Classical Histories in Hamiltonian Systems

TL;DR

This paper explores the advantages of a history-based approach to classical Hamiltonian systems, particularly in addressing spacetime issues, by generalizing the derivation of geometrodynamics within the history phase space framework.

Contribution

It demonstrates that a history approach offers benefits over equal-time methods for classical spacetime discussions, extending the derivation of geometrodynamics.

Findings

History approach clarifies spacetime issues in classical systems

Generalizes derivation of geometrodynamics from first principles

Highlights advantages of history phase space in classical theory

Abstract

The incompatibility between the treatment of time in the classical and in the quantum theory results in the so-called problem of time in canonical quantum gravity. For this reason, attempts have been made to devise algorithms of quantization which accomodate the covariance of the classical theory from the outset. One of the most prominent of these attempts is based on the notion of continuous histories (Isham and Linden) in the context of the consistent histories approach to quantum theory (Griffiths, Omnes, Gell-Mann and Hartle). By the term continuous histories it is implied that the canonical fields and the symplectic structure of the theory depend on time as well as space.

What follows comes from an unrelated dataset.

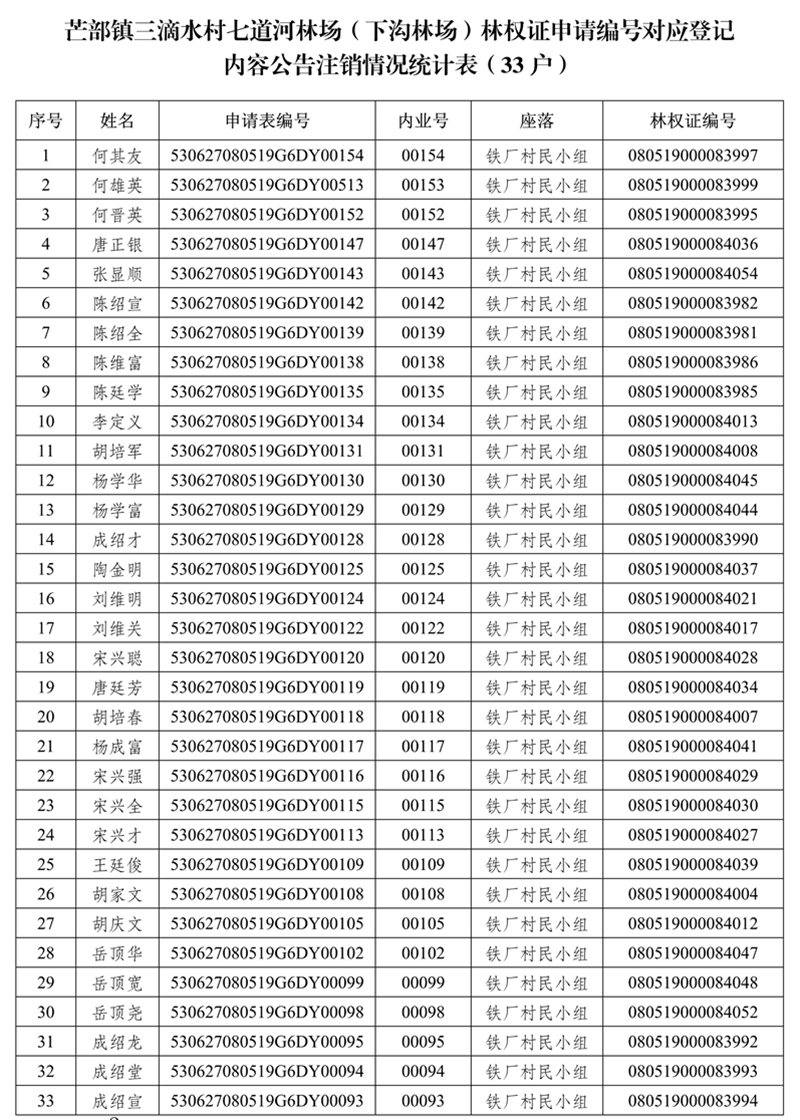 附件:1、芒部鎮(zhèn)三滴水村七道河林場(chǎng)(下溝林場(chǎng))林權(quán)證申請(qǐng)編號(hào)對(duì)應(yīng)登記內(nèi)容公告注銷情況統(tǒng)計(jì)表(33戶);
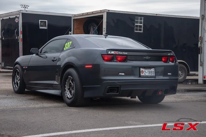 Larry got into racing due to the popularity of the fifth-gen Camaro and the people around him. He states, “I attribute my racing career to the massive car scene that exploded around the new Camaro, and the people that I met ended up feeding my enthusiasm.” Larry continues, “In particular, my best friend Owen Priest, who is a brilliant chemical engineer who also ran a performance shop for almost two decades. He’s the evil genius behind the evolution of my car, though my penchant for perfection has been a major pain in his ass along the way!”

The aim of this thesis (in the form it was submitted to the University of London, February 2000) is to show that, even at the purely classical level, a history approach has several advantages (compared to its equal-time counterpart) when it comes to discussing spacetime issues. This is illustrated here by reframing and generalizing the derivation of geometrodynamics from first principles (Hojman, Kuchar, Teitelboim) in the language of the history phase space.